The Silent House (2010 film)


The Silent House is a 2010 Uruguayan horror film directed by Gustavo Hernández. The film is supposedly inspired by real events that took place in the 1940s, but no information can be found to authenticate the aforementioned claims. A small-budget film originally intended for local audiences, it has achieved success in several important international film festivals such as the Cannes Film Festival. At the 2011 Sundance Film Festival, Chris Kentis and Laura Lau presented an English-language remake titled Silent House, starring Elizabeth Olsen.

Plot

Laura and her father Wilson arrive at a cottage in a secluded area to repair it. The owner, Nestor, will put the house on sale. He tells them that the second level is unstable and it is unsafe to go upstairs. They intend to spend the night in the house. Because the windows are nailed shut, the house's interior is dark even during the day.
Laura finds a radio playing a haunting melody, which she turns off. Shortly after, her father goes upstairs to check a noise and Laura hears what appears to be combat. Moments later, she finds her father restrained and murdered downstairs. She cries and hugs his body, getting his blood on herself in the process.
Laura attempts to flee but someone has locked the doors. Armed with a reap hook and a lamp, she stumbles through the house in order to find a way outside. She notices that her father's dead body has been moved into the chair and that someone has placed a puppet on him. Another melody plays, this time from the upper floor.

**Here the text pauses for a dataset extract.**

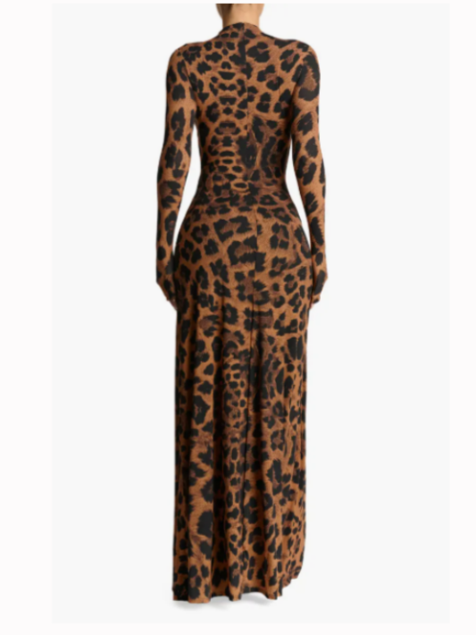A stretch-enhanced construction is fitted at the bodice and flowy at the skirt of this chic leopard maxi dress that's sure to turn heads at your next night out.
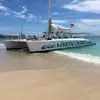 We visited here before and after our cruise in January. Both times we were there, the beach was clean and very quiet. The water was clear and calm and it was fun to watch the boats come and go.

She goes upstairs and turns off another radio. She hears footsteps and hides. An unknown person with a knife and lamp enters the room, then leaves. Laura finds the key to the front door and escapes the house.
After manically running, she stops on the road. Her pursuer approaches but disappears when Laura is almost run over by Nestor. She tells Nestor about the attack but the latter is unconvinced. They search the house and Nestor disappears. Laura's lamp shuts off so she uses an old Polaroid camera to light the room through the camera's flash each time she takes a photo. In the photos, she sees a little girl in a white dress and a young man trying to stab her.
She flees to the next room, where she discovers many photos on a wall and in a baby buggy. They mainly show Nestor and a woman in underwear. She then finds Nestor restrained and injured downstairs. They kiss each other and have a conversation: Nestor tells Laura that he loves her and only called her father in order to see her. Laura mentions his pictures and asks: "Do you miss her? Do you want to tell her something? She is here now." In a mirror, the little girl is visible, appearing to be in the room. During the conversation, Laura becomes more and more aggressive until she finally shouts and says, "You two killed my baby. You're going to die in the manner that my father did."
She sits Nestor in the chair after removing her father's corpse, puts the mysterious puppet on him, and kills him with her reap hook. The ending credits show photos of the past with Laura, Nestor and her father. The film continues, showing Laura burning the pictures and walking through the forest. She meets a small child named Sophie. Sophie is the daughter that Laura had with Nestor. They walk hand-in-hand, promising to start a new life together. The camera zooms out, revealing that Laura is only holding Sophie's doll, implying that Laura has lost all touch with reality.

Production

La Casa Muda was shot to look like it was in real time in one continuous 88 minute take. Its claims that it is one of only a handful of theatrically-released movies to be shot in a continuous long take, and that it is the first ever single-take horror film, are contentious, as the camera used, the Canon EOS 5D Mark II, can only film up to 15 minutes of continuous footage. With a budget of just six thousand dollars, it was filmed using a handheld high-definition digital single-lens reflex camera over a time period of just four days.

Release and reception

The film premiered at the Cannes Film Festival on 16 May 2010, a Director's Fortnight selection. That summer and fall it was screened on the festival circuit at the Melbourne International Film Festival, Sitges Film Festival, and the Stockholm International Film Festival. Its first theatrical release began on 27 January 2011 in Argentina. This was followed by a 4 March release in Uruguay, where it was produced. It received mixed reviews after its 8 April 2011 release in the UK, with critics generally praising the director's technical achievements, but finding the overall story line unimpressive. Peter Bradshaw of The Guardian praised the film, writing: "This is a smart, scary film and a technical tour de force with its own skin-crawling atmosphere of fear."
The film was selected as the Uruguayan entry for the Best Foreign Language Film at the 84th Academy Awards, but it did not make the final shortlist.
Project Deadpost website gave the film a score of 90% calling it an "ultra-low budget, brilliant, scary little film from Uruguay that outdoes many big budget contenders".